* **What the task asks**
With the pictures left out, copy the records below exactly from the first line down to the line holding "游戏介绍:可爱的芭比宝贝最喜", and include that line.

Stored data
((

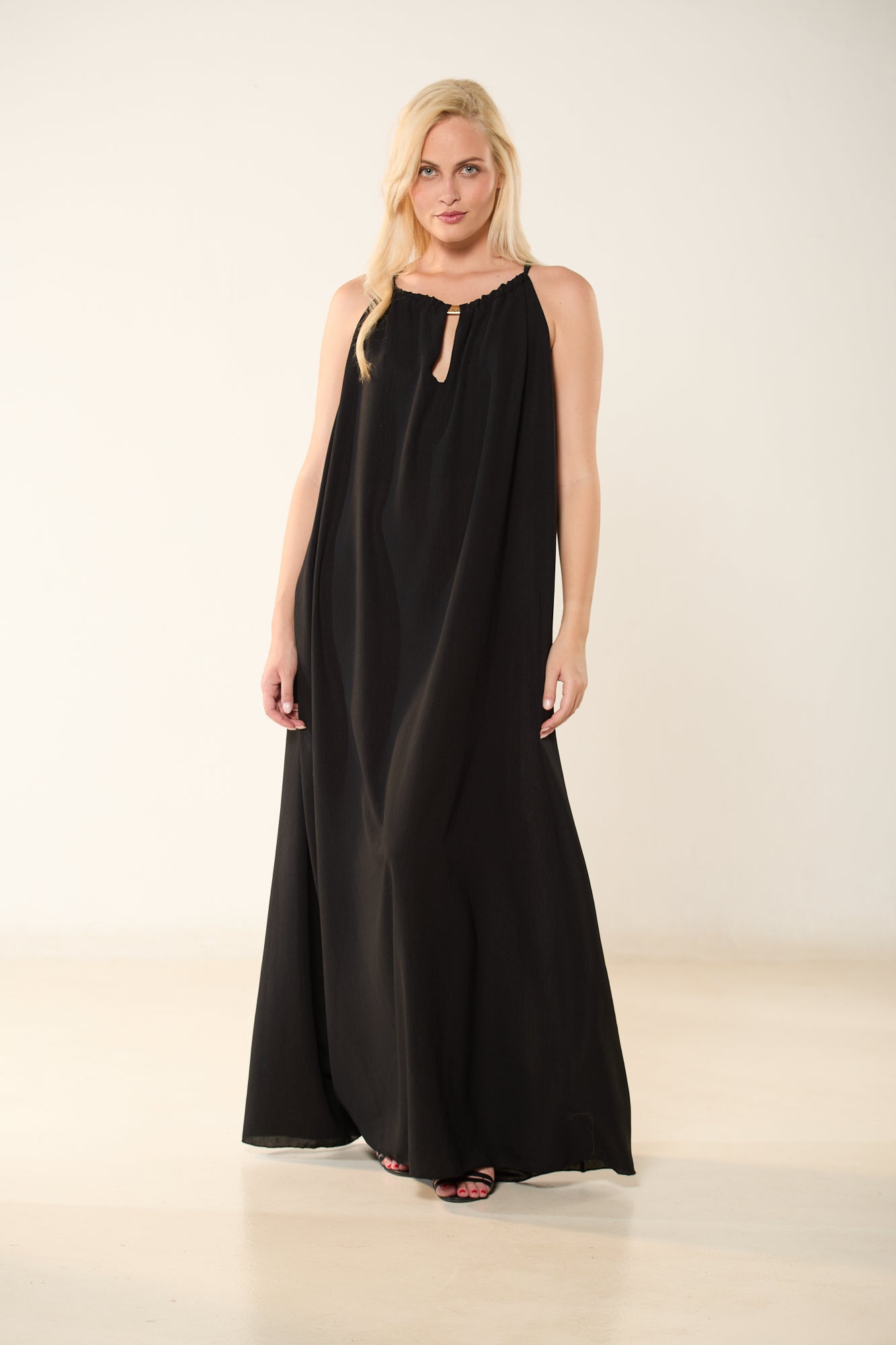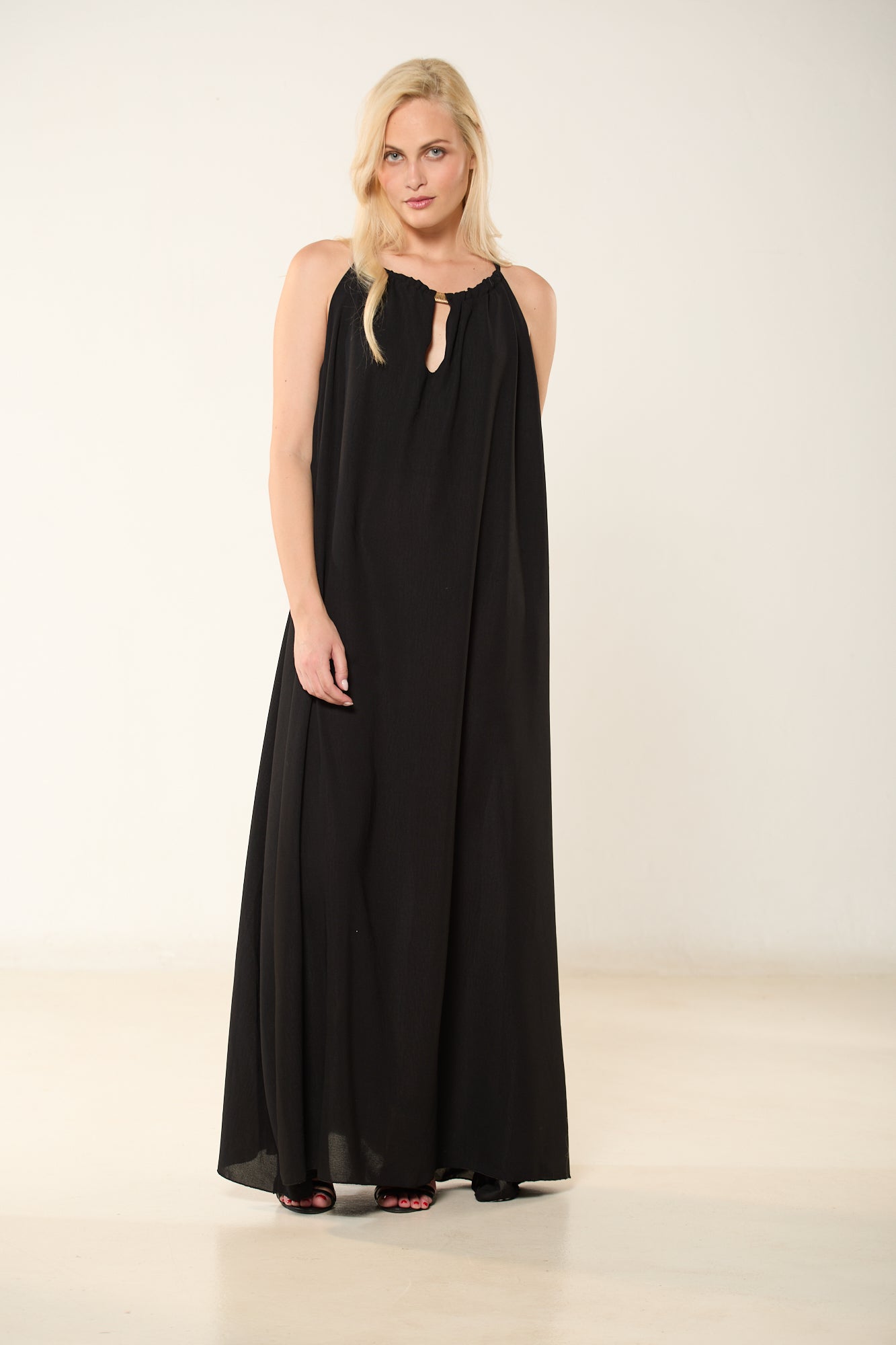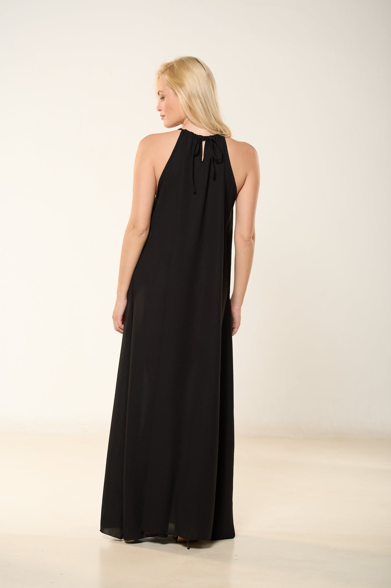 Φόρεμα μακρύ μαύρο με δέσιμο και λεπτομέρεια στον λαιμό. Σε άνετη, αέρινη γραμμή.
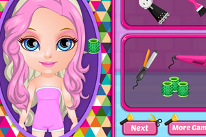 游戏介绍:可爱的芭比宝贝最喜欢打扮自己的头发了,看!她今天又把自己的头发打扮的花枝招展的,看上去蛮有个性的哦!
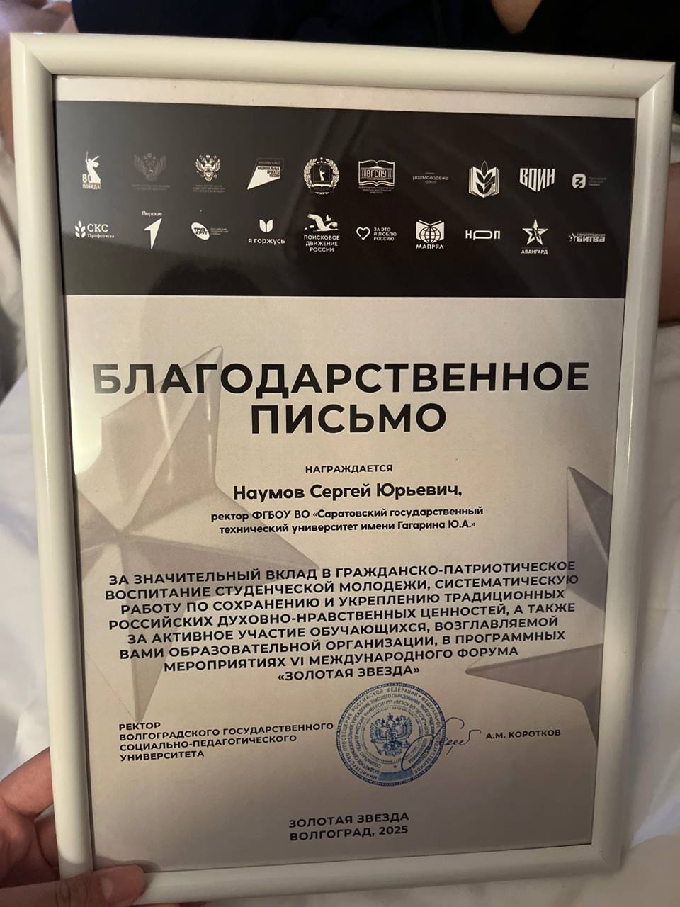 Ректору Саратовского государственного технического университета имени Гагарина Ю.А., профессору Сергею Наумову было передано благодарственное письмо от организаторов форума «За значительный вклад в гражданско-патриотическое воспитание студенческой молодежи, систематическую работу по сохранению и укреплению традиционных российских духовно-нравственных ценностей, а также за активное участие обучающихся, возглавляемой вами образовательной организации, в программных мероприятиях VI Международного форума «Золотая Звезда».
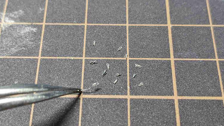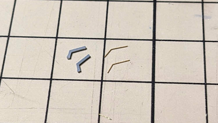 艦橋横の救命いかだを置く枠は0.2mmの真鍮線で作りました。
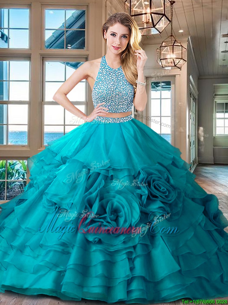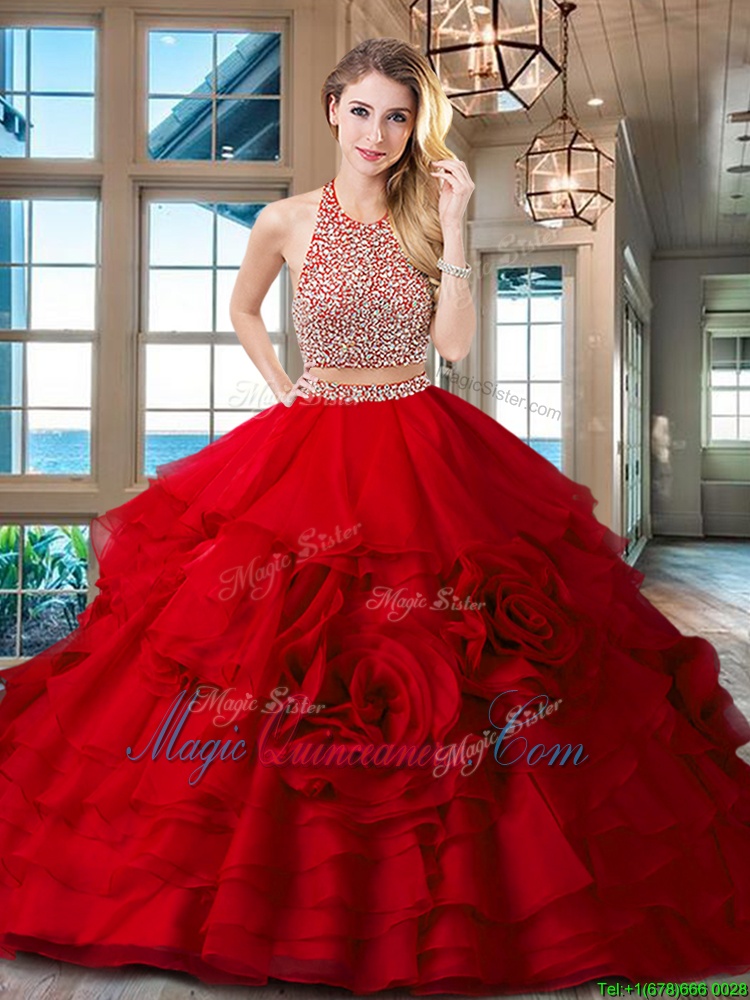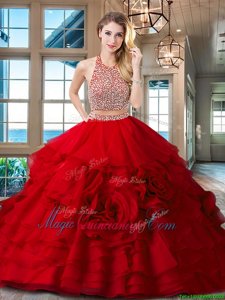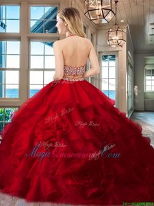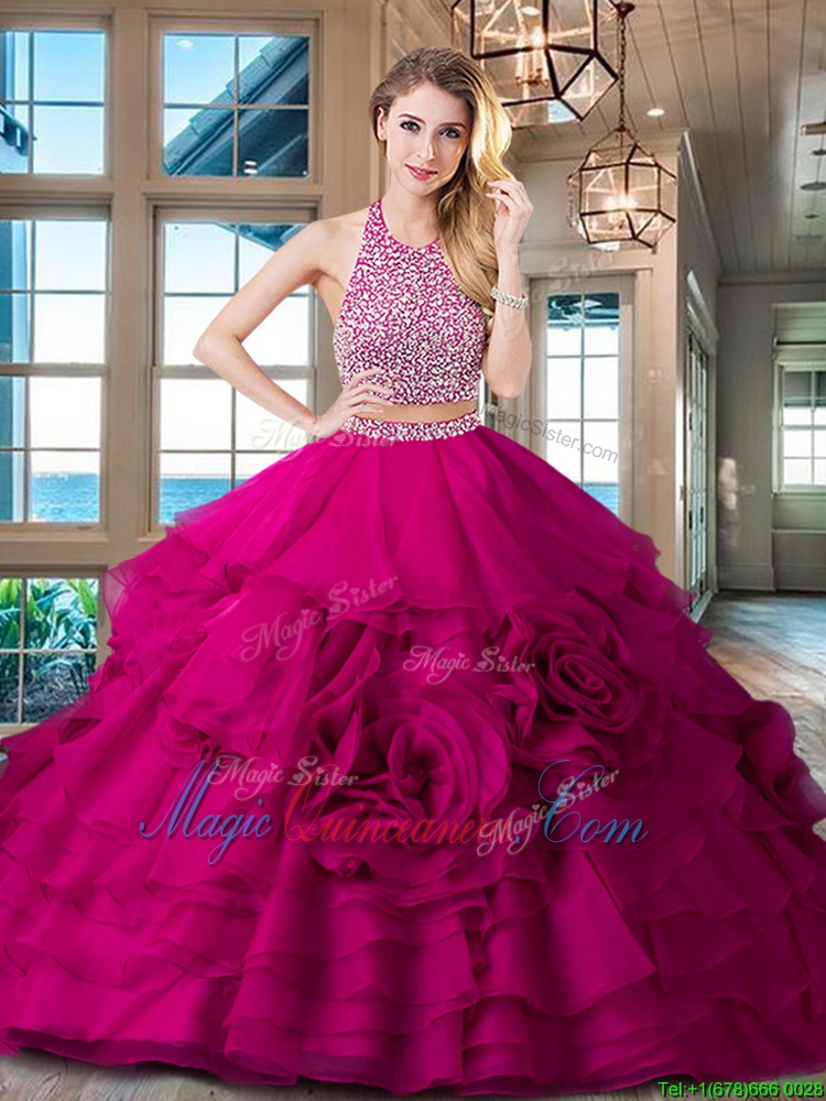 Halter Top Fuchsia Sleeveless With Train Beading and Ruffles Backless Sweet 16 Dresses
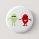 Bouton rond blanc avec un joli dessin d'un raisin rouge souriant tenant les mains avec un raisin vert souriant, les deux raisins ont des yeux noirs brillants et des bouches roses.

))

* **Output**
 Φόρεμα μακρύ μαύρο με δέσιμο και λεπτομέρεια στον λαιμό. Σε άνετη, αέρινη γραμμή.
 游戏介绍:可爱的芭比宝贝最喜欢打扮自己的头发了,看!她今天又把自己的头发打扮的花枝招展的,看上去蛮有个性的哦!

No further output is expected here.